> Assignment: Retype, word for word, every line starting at the line with "Ementa: Considerando o" and ending with the final line of the entries; skip the pictures.

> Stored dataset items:
● ● ● ● ● ● ●

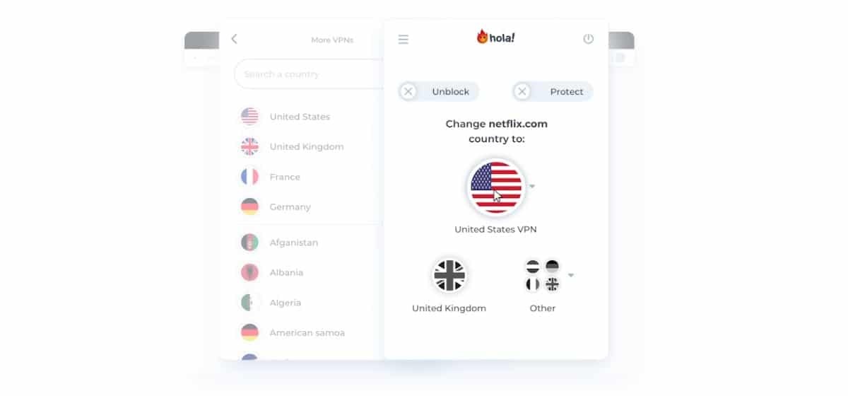 Hola VPN을 설치하는 장치에 관계없이 작동은 항상 동일합니다. 인터넷 브라우저를 시작하기 전에 먼저해야 할 일은 연결하려는 국가를 선택하십시오..
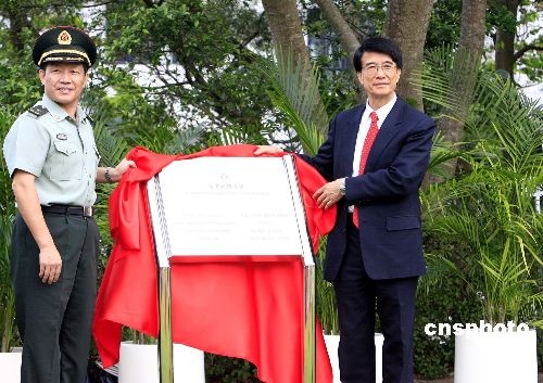 十月二十四日,中國人民解放軍駐港部隊八十位官兵訪問香港科技大學。圖為駐港部隊副司令董文久與香港科技大學校長朱經武在科技大學草坪主持植樹紀念及牌匾揭幕儀式。中新社發 張勤 攝
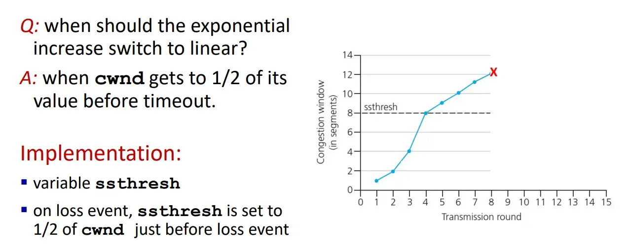 Có hai giai đoạn là giai đoạn slow start và giai đoạn congestion avoidance. Với slow start, tốc độ truyền tin (ta gọi là congestion window - cửa sổ tắc nghẽn) được tăng gấp đôi nếu không xảy ra mất gói.
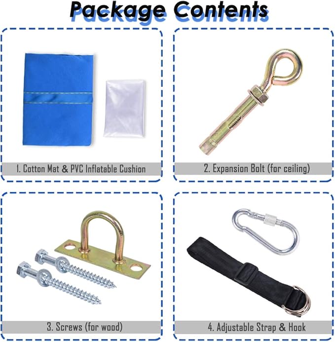 - ★Good Quality of Material – 100% Cotton Mat and Environmentally-friendly PVC Inflatable Cushion. Strong metal screws(for ceiling), hook and adjustable strap.
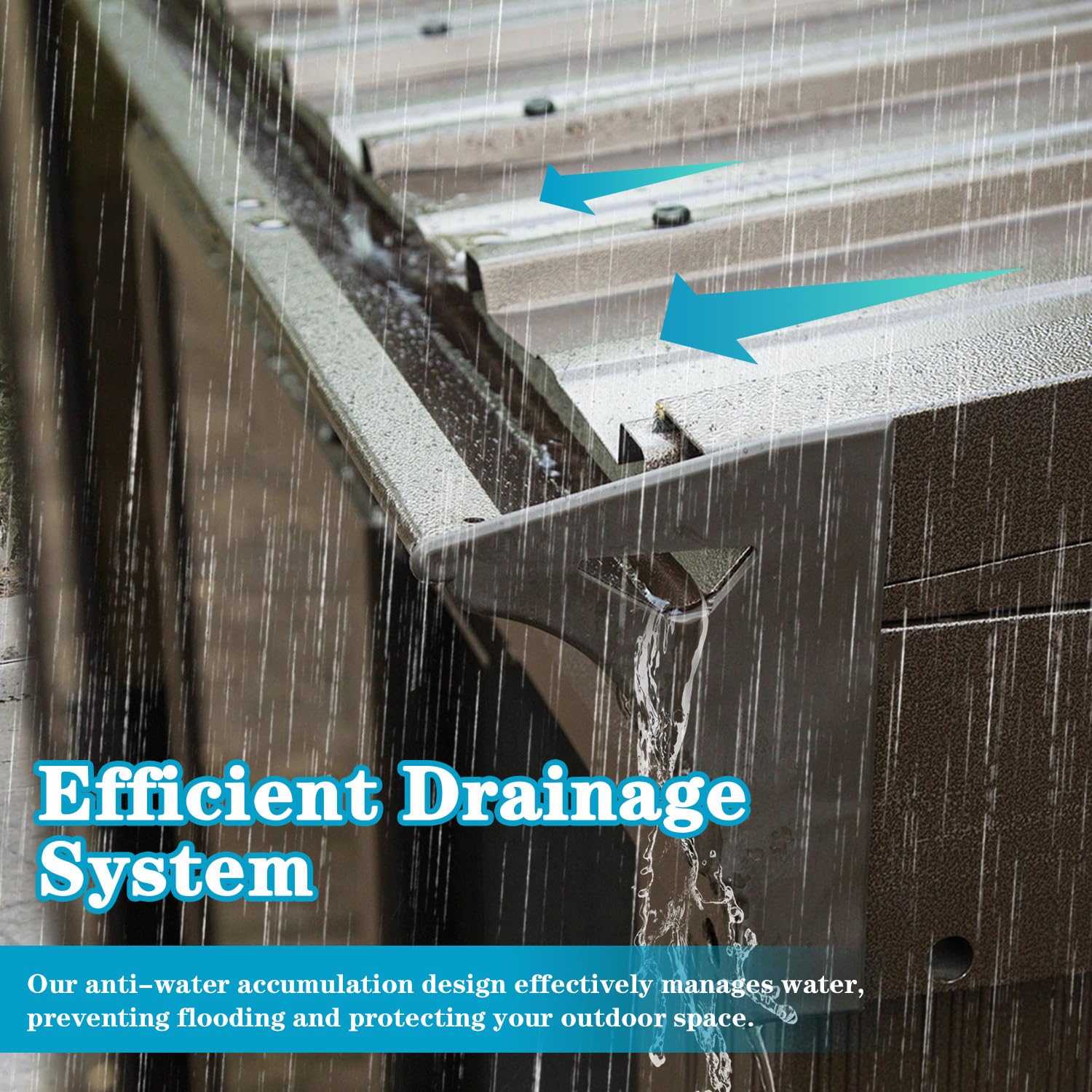 - Slope Drainage System: Designed with a sloping drainage system, this against wall sunroom gazebo quickly channels rainwater and snow melt into gutters, preventing buildup and roof damage. Regular snow clearing helps extend roof life and ensures long-lasting functionality
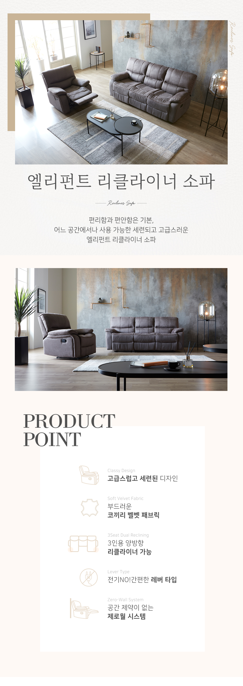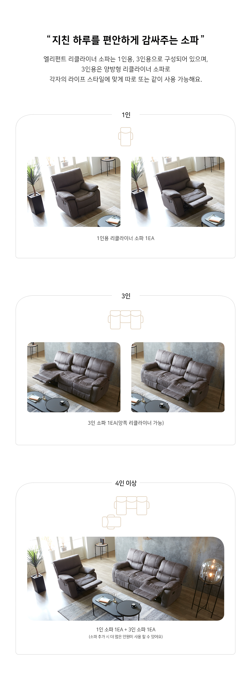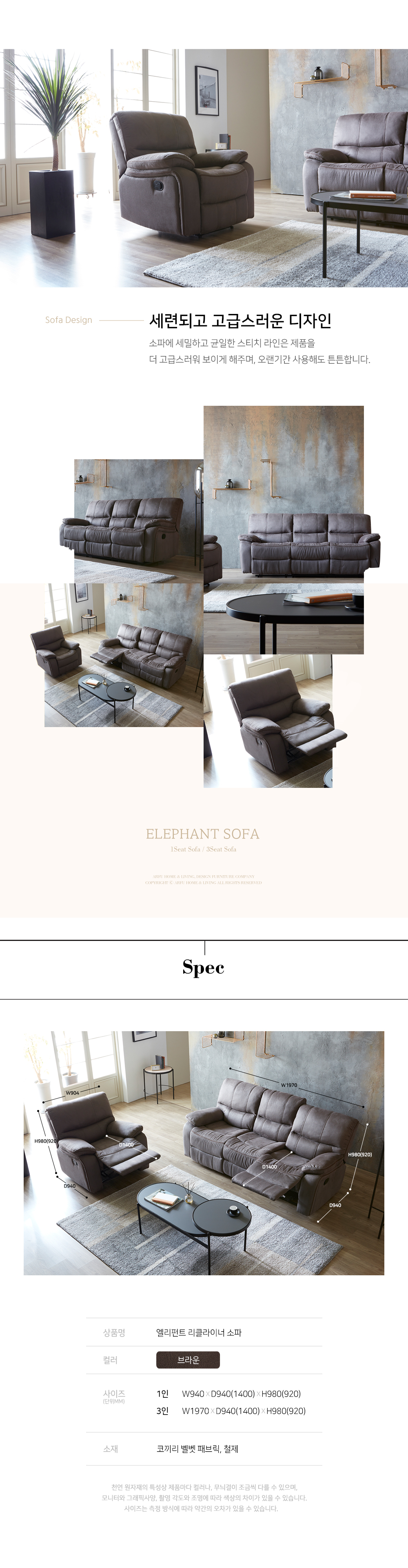 엘리펀트 1인/3인/4인 패브릭 리클라이너 쇼파
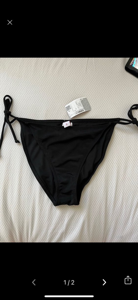 Bu siyah bikini altı, ayarlanabilir yan bağcıkları ve vücuda oturan kesimiyle sahilde cesur ve zahmetsiz şıklık sunar. Normal boyda ve desensizdir. hiç kullanılmadı
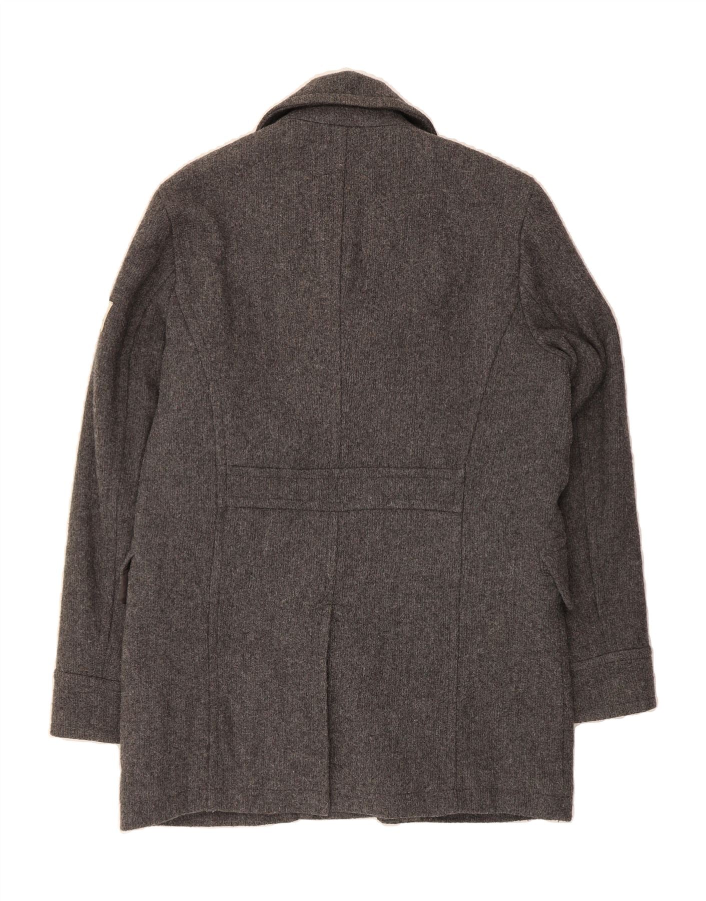 BRUNO BANANI Mens Graphic Pea Coat UK 38 Medium Grey Wool
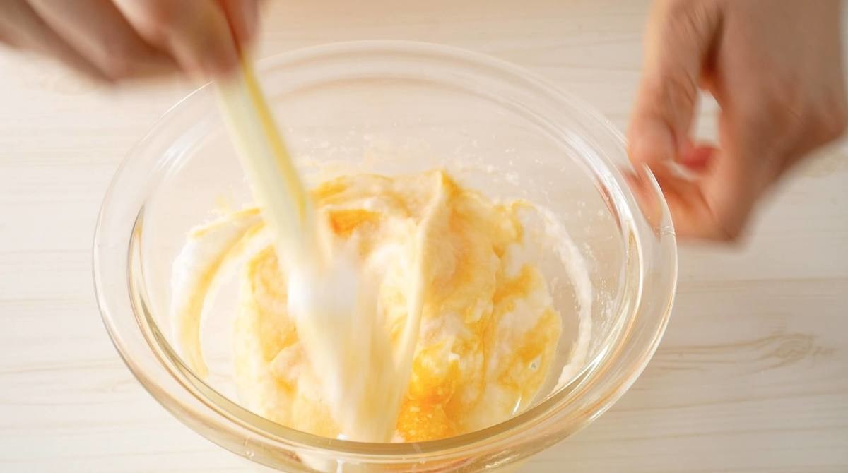 卵黄を加えたら、泡をつぶさないようにヘラでふわっと混ぜましょう。
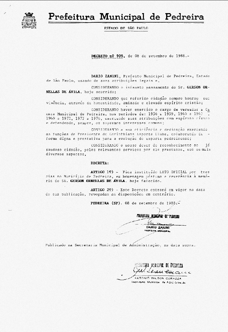 Ementa: Considerando o infausto passamento do Sr. Gerson Ornellas de Ávila, hoje ocorrido
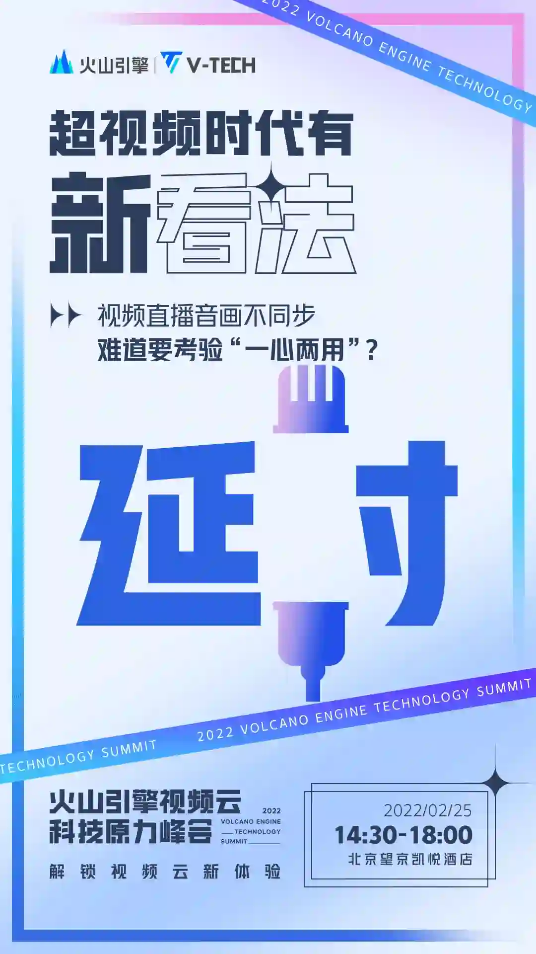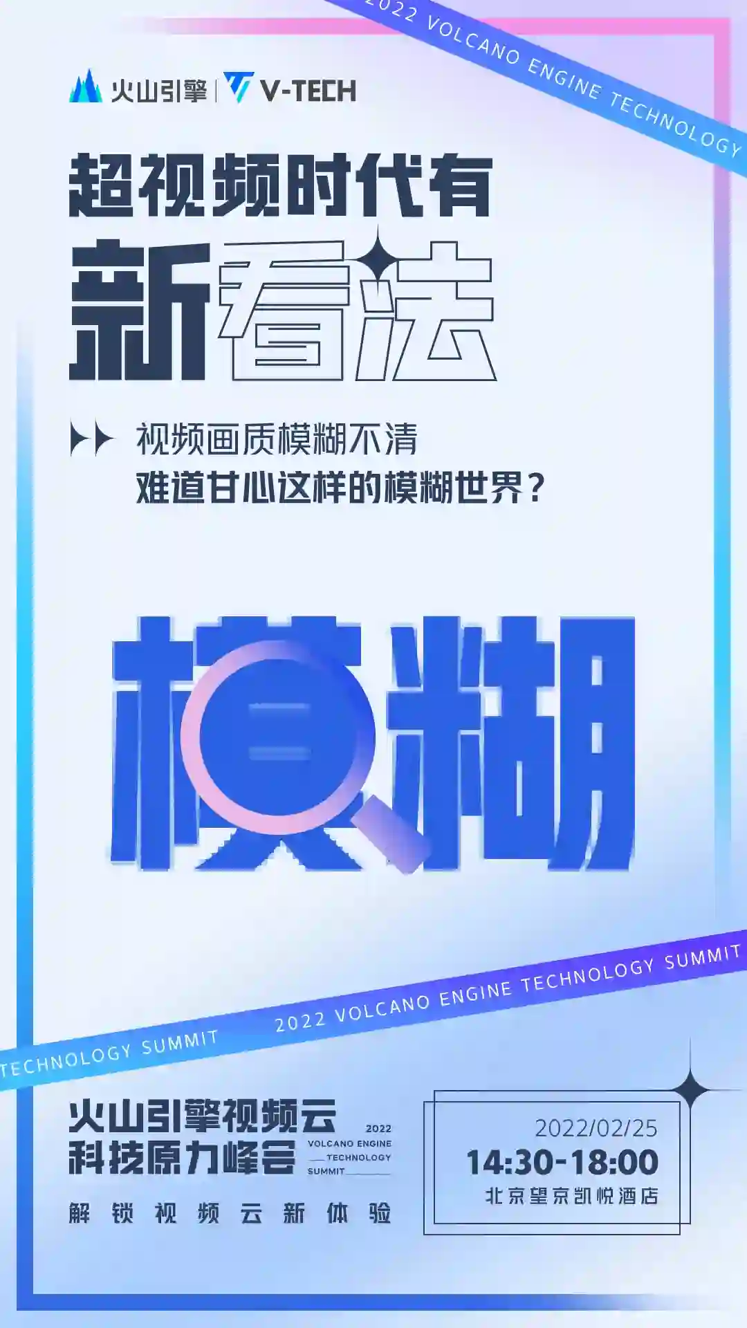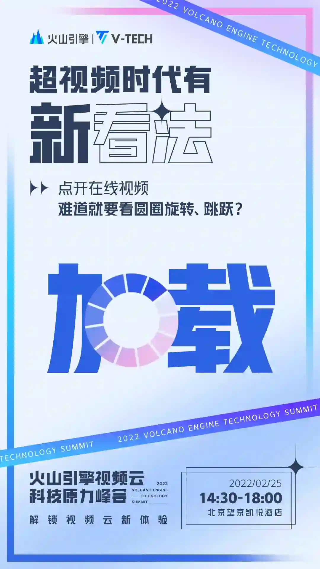 2 月 25 日,火山引擎将在北京举办视频云科技原力峰会,全面解读视频云行业技术趋势和演进方向,首次系统分享对于视频云核心场景的观察和思考,发布面向体验的全新视频云产品矩阵,结合行业具体案例探讨超视频时代视频云商业场景新价值。
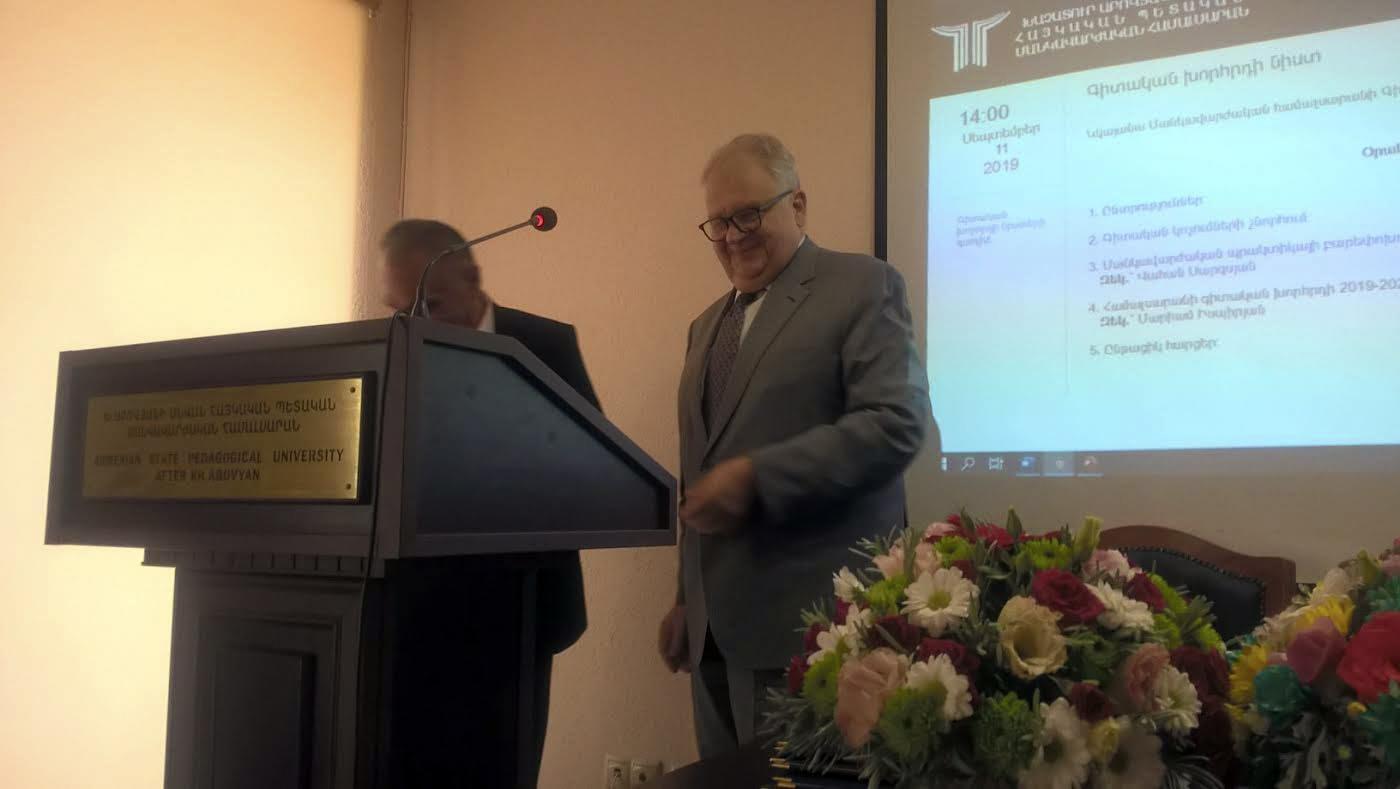 Մանկավարժական համալսարանի այս ուսումնական տարվա առաջին գիտական խորհրդի նիստի սկզբում, ավանդույթի համաձայն, ռեկտոր Ռուբեն Միրզախանյանը շնորհավորեց համալսարանի աշխատակից հոբելյարներին՝ Գևորգ Կարապետյանին, Սվետլանա Ադամովային, Սահակ Տրոյանին, Ծովինար Շահիրյանին, Սամվել Աբաջյանին, Մհեր Մելիք-Բախշյանին, Լայմա Կունդրատսին, մաղթելով քաջառողություն և հաջողություններ հետագա գործունեության ընթացքում:

● ● ● ● ● ● ●

> Response to this task:
 Ementa: Considerando o infausto passamento do Sr. Gerson Ornellas de Ávila, hoje ocorrido
 2 月 25 日,火山引擎将在北京举办视频云科技原力峰会,全面解读视频云行业技术趋势和演进方向,首次系统分享对于视频云核心场景的观察和思考,发布面向体验的全新视频云产品矩阵,结合行业具体案例探讨超视频时代视频云商业场景新价值。
 Մանկավարժական համալսարանի այս ուսումնական տարվա առաջին գիտական խորհրդի նիստի սկզբում, ավանդույթի համաձայն, ռեկտոր Ռուբեն Միրզախանյանը շնորհավորեց համալսարանի աշխատակից հոբելյարներին՝ Գևորգ Կարապետյանին, Սվետլանա Ադամովային, Սահակ Տրոյանին, Ծովինար Շահիրյանին, Սամվել Աբաջյանին, Մհեր Մելիք-Բախշյանին, Լայմա Կունդրատսին, մաղթելով քաջառողություն և հաջողություններ հետագա գործունեության ընթացքում:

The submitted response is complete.